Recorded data
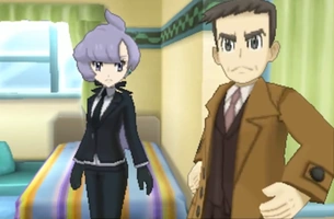 No aparece físicamente pero a veces antes de luchar contra Anís (Alto Mando) se le hace una mención a él y a su Croagunk por un párrafo de novela escrito por ella.
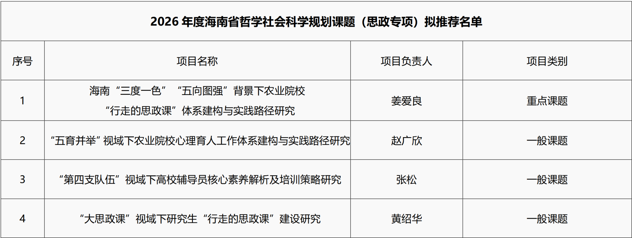 根据海南省教育厅、海南省社会科学界联合会下发的《关于申报2026年度海南省哲学社会科学规划课题(思政专项)的通知》,收到重点课题1项、常规课题(一般课题)3项。
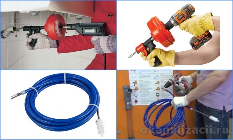 Также сейчас часто используется натяжной электротросс. Он является аналогом ручного профессионального шнура за исключением наличия мотора, который при включении в автоматическом режиме раскручивает проволоку. Это устройство удобно использовать для прочистки уличной канализации, дренажной системы и даже коммуникаций септика.
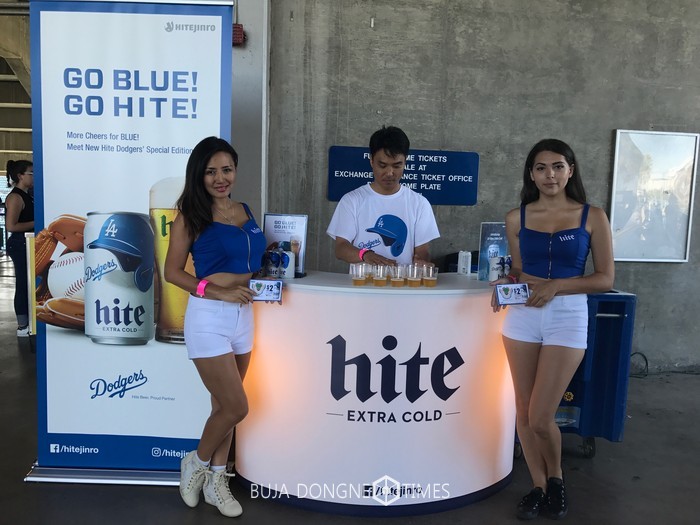 교민뿐만 아니라 현지인 시장 공략을 위해 LA다저스와 제휴를 맺고 올 상반기에 일명 ‘다저스맥주(New Dodgers hite)’를 출시해 인기를 얻고 있다. 또, LA다저스 구장에 LED 광고진행하고 구장 내에 ‘하이트 바(hite bar)’를 운영· 시음행사 등으로 브랜드 알리기에 나서고 있다.
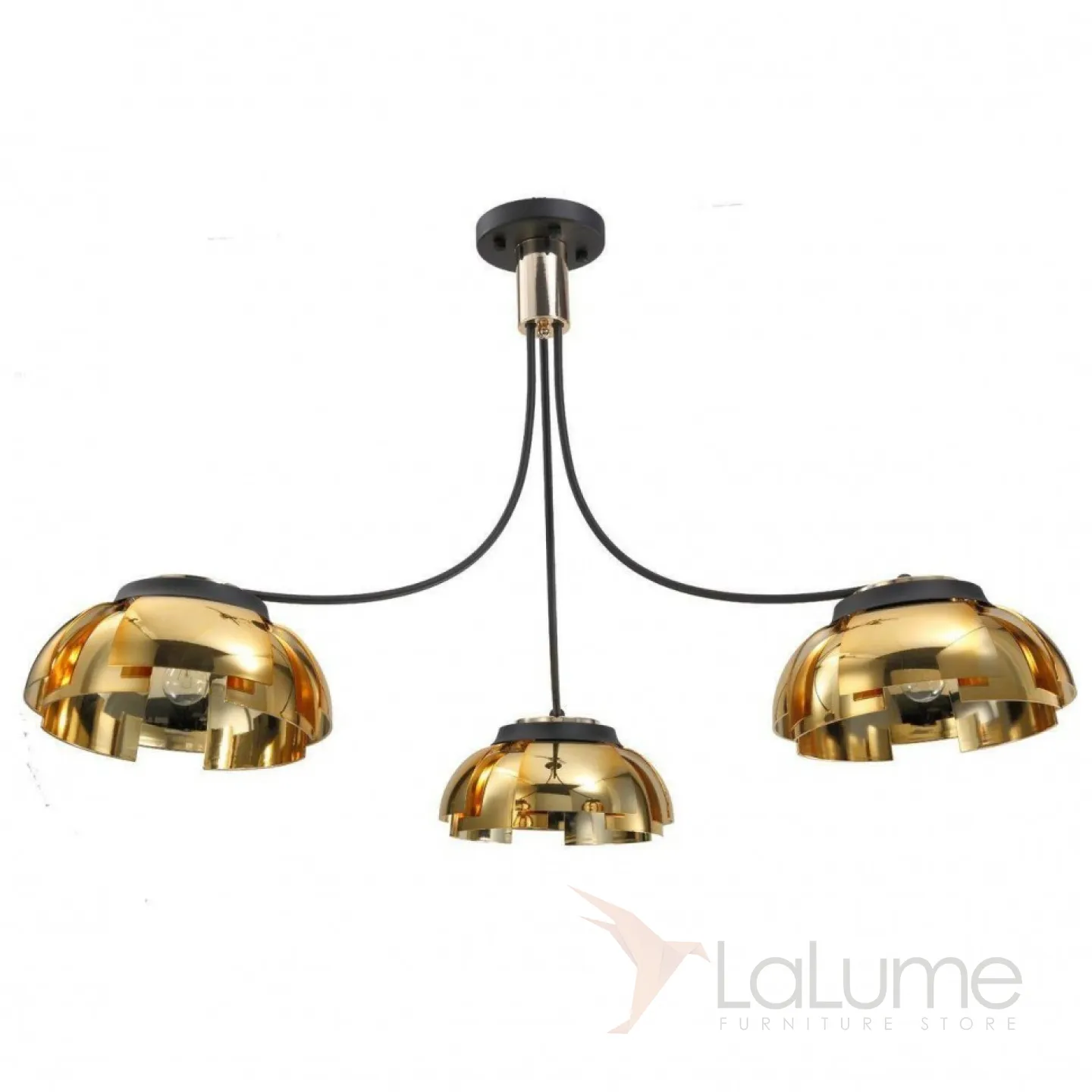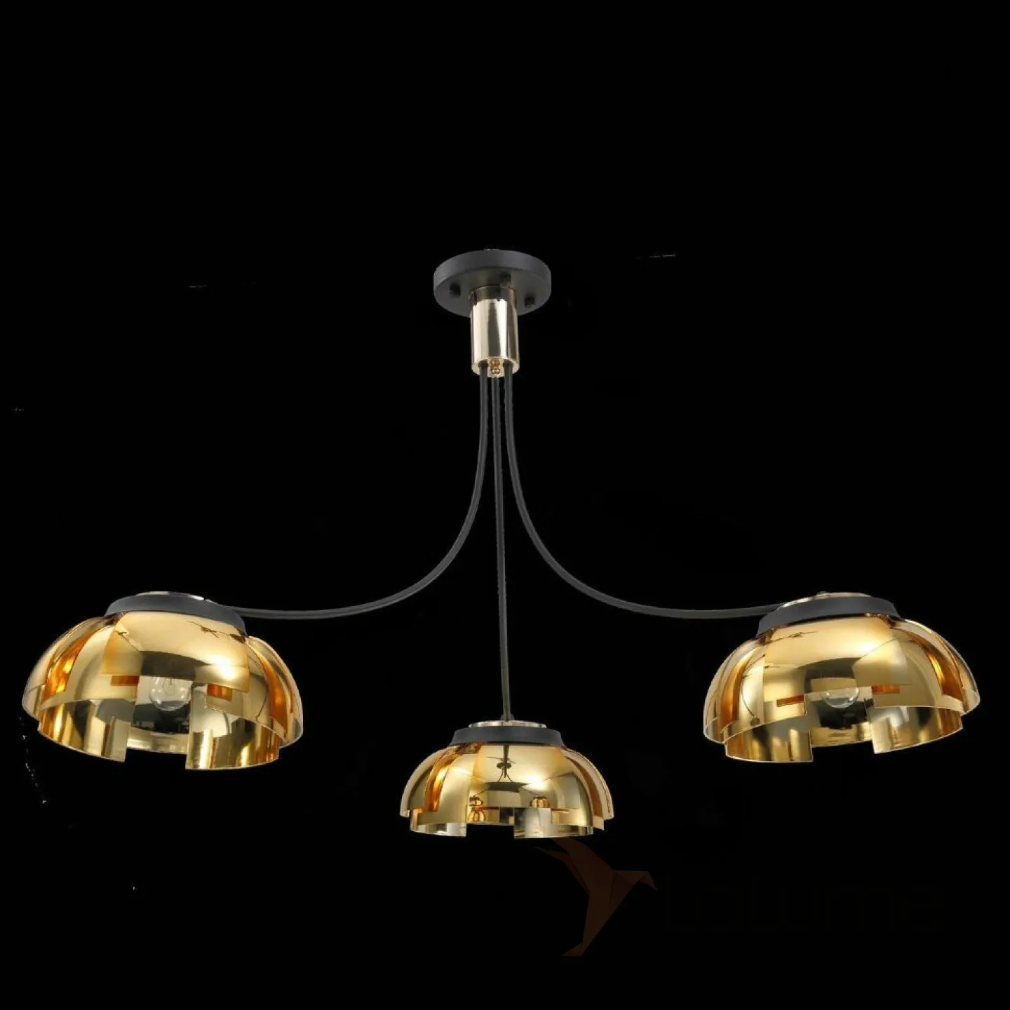 Люстра с золотыми плафонами из прямоугольных пластин на выгнутых рожках PIATO
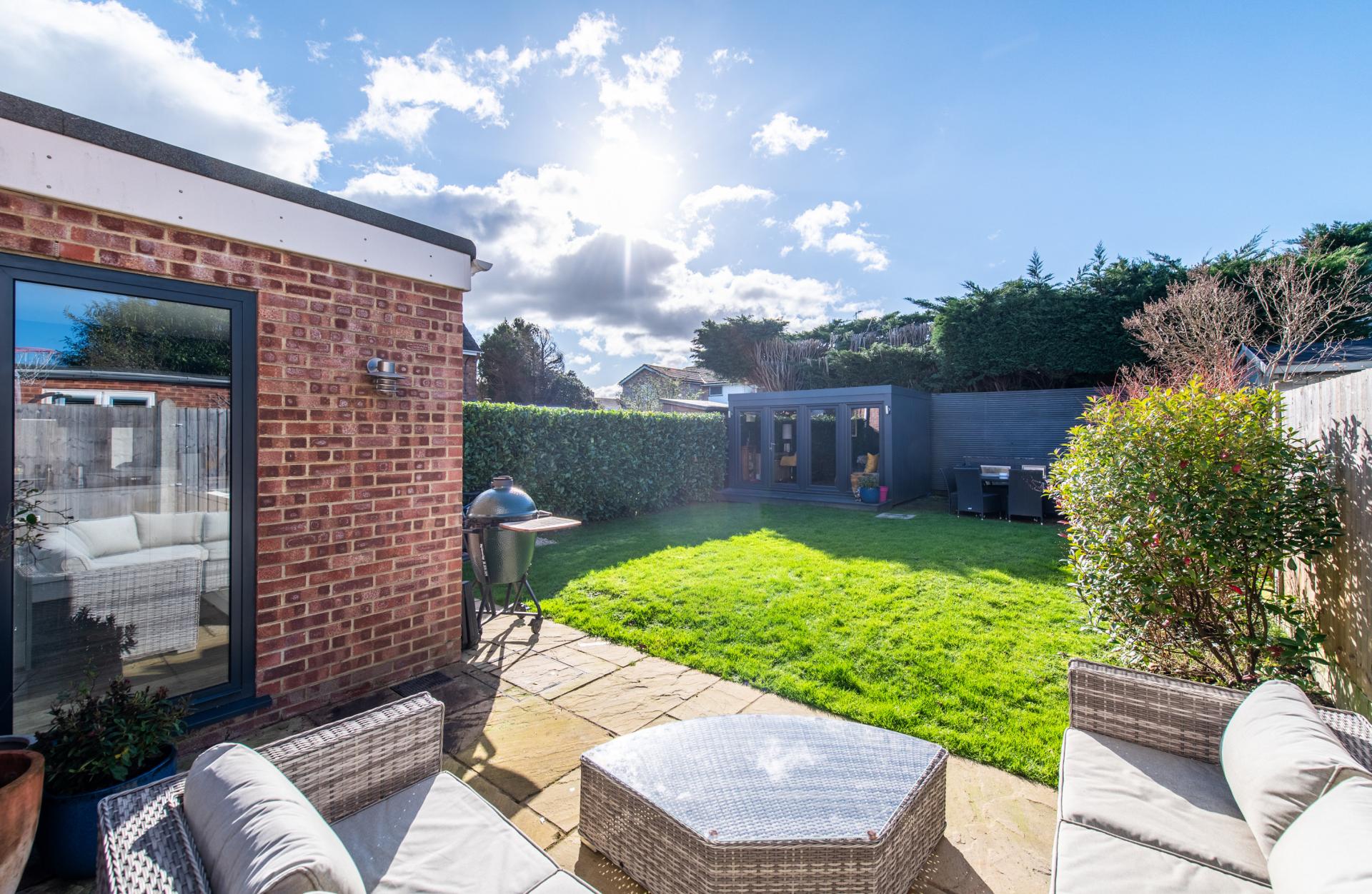 The rear garden features a charming stone patio, perfect for outdoor entertaining, while the remainder is predominantly laid to lawn. Attractive side borders are planted with a variety of shrubs and plants, access to home office/summerhouse.
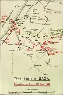 The 159th Brigade on the left was ordered to advance on Ain Kohle, but could not move forward. Several urgent requests were made during the day for a mobile reserve of a brigade or a regiment, but they were denied by Chauvel, who could not spare the reinforcements.[124] Although the attack by the 53rd (Welsh) Division had been very confused, suffering a "bloody defeat" instead of a "conquest", the 19th Division was stopped from moving back to reinforce Tel esh Sheria. The continuing threat of an attack up the road to the headquarters of the Seventh Army at Hebron and on to Jerusalem, was maintained by the repeated attacks on Tel el Khuweilfe by the 53rd (Welsh) Division.[125] By the end of the day, the Ottoman defenders had succeeded in defeating the British infantry attacks on Tel el Khuweilfe, and continued to hold Tel esh Sheria, but they had begun to evacuate Gaza.[126] At nightfall, Chauvel issued orders for the Anzac and Australian Mounted Divisions to begin their advance northwards via Sheria towards Jemmameh and Huj, while Barrow commanding the Yeomanry Mounted Division was to take command of the force at Tel el Khuweilfe, including the 53rd (Welsh) Division.[112]
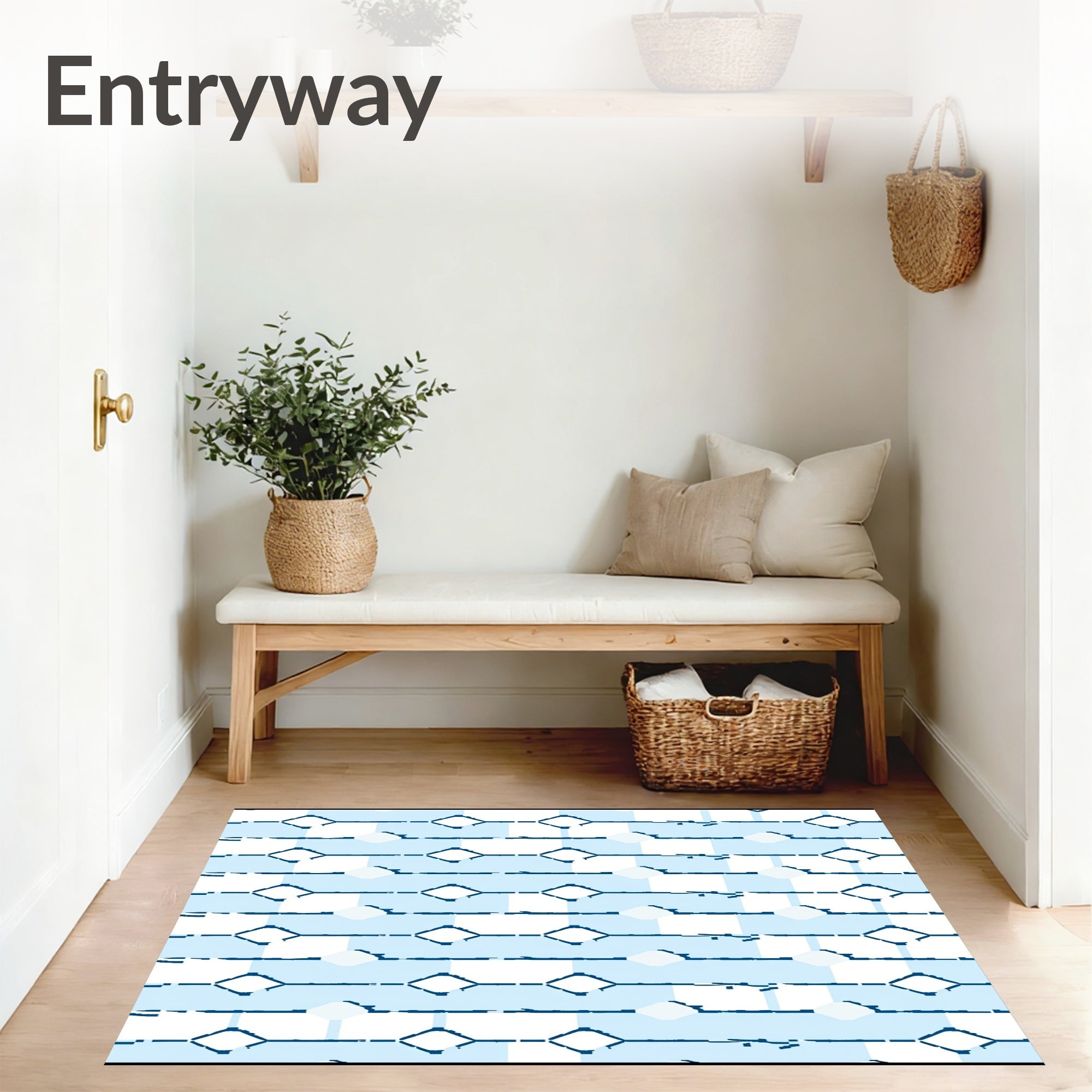 Flatwoven High Traffic Area Rug, Honeycomb Hexagonal Grid with Modern Minimalist Styling, Non Slip, Stain Resistant, Washable Area Rugs for Living Room, Bedroom (Blue) Overview:

> [What is needed] Each entry above should be given again exactly, with its pictures omitted.

> [Exercise solution]
 No aparece físicamente pero a veces antes de luchar contra Anís (Alto Mando) se le hace una mención a él y a su Croagunk por un párrafo de novela escrito por ella.
 根据海南省教育厅、海南省社会科学界联合会下发的《关于申报2026年度海南省哲学社会科学规划课题(思政专项)的通知》,收到重点课题1项、常规课题(一般课题)3项。
 Также сейчас часто используется натяжной электротросс. Он является аналогом ручного профессионального шнура за исключением наличия мотора, который при включении в автоматическом режиме раскручивает проволоку. Это устройство удобно использовать для прочистки уличной канализации, дренажной системы и даже коммуникаций септика.
 교민뿐만 아니라 현지인 시장 공략을 위해 LA다저스와 제휴를 맺고 올 상반기에 일명 ‘다저스맥주(New Dodgers hite)’를 출시해 인기를 얻고 있다. 또, LA다저스 구장에 LED 광고진행하고 구장 내에 ‘하이트 바(hite bar)’를 운영· 시음행사 등으로 브랜드 알리기에 나서고 있다.
 Люстра с золотыми плафонами из прямоугольных пластин на выгнутых рожках PIATO
 The rear garden features a charming stone patio, perfect for outdoor entertaining, while the remainder is predominantly laid to lawn. Attractive side borders are planted with a variety of shrubs and plants, access to home office/summerhouse.
 The 159th Brigade on the left was ordered to advance on Ain Kohle, but could not move forward. Several urgent requests were made during the day for a mobile reserve of a brigade or a regiment, but they were denied by Chauvel, who could not spare the reinforcements.[124] Although the attack by the 53rd (Welsh) Division had been very confused, suffering a "bloody defeat" instead of a "conquest", the 19th Division was stopped from moving back to reinforce Tel esh Sheria. The continuing threat of an attack up the road to the headquarters of the Seventh Army at Hebron and on to Jerusalem, was maintained by the repeated attacks on Tel el Khuweilfe by the 53rd (Welsh) Division.[125] By the end of the day, the Ottoman defenders had succeeded in defeating the British infantry attacks on Tel el Khuweilfe, and continued to hold Tel esh Sheria, but they had begun to evacuate Gaza.[126] At nightfall, Chauvel issued orders for the Anzac and Australian Mounted Divisions to begin their advance northwards via Sheria towards Jemmameh and Huj, while Barrow commanding the Yeomanry Mounted Division was to take command of the force at Tel el Khuweilfe, including the 53rd (Welsh) Division.[112]
 Flatwoven High Traffic Area Rug, Honeycomb Hexagonal Grid with Modern Minimalist Styling, Non Slip, Stain Resistant, Washable Area Rugs for Living Room, Bedroom (Blue) Overview:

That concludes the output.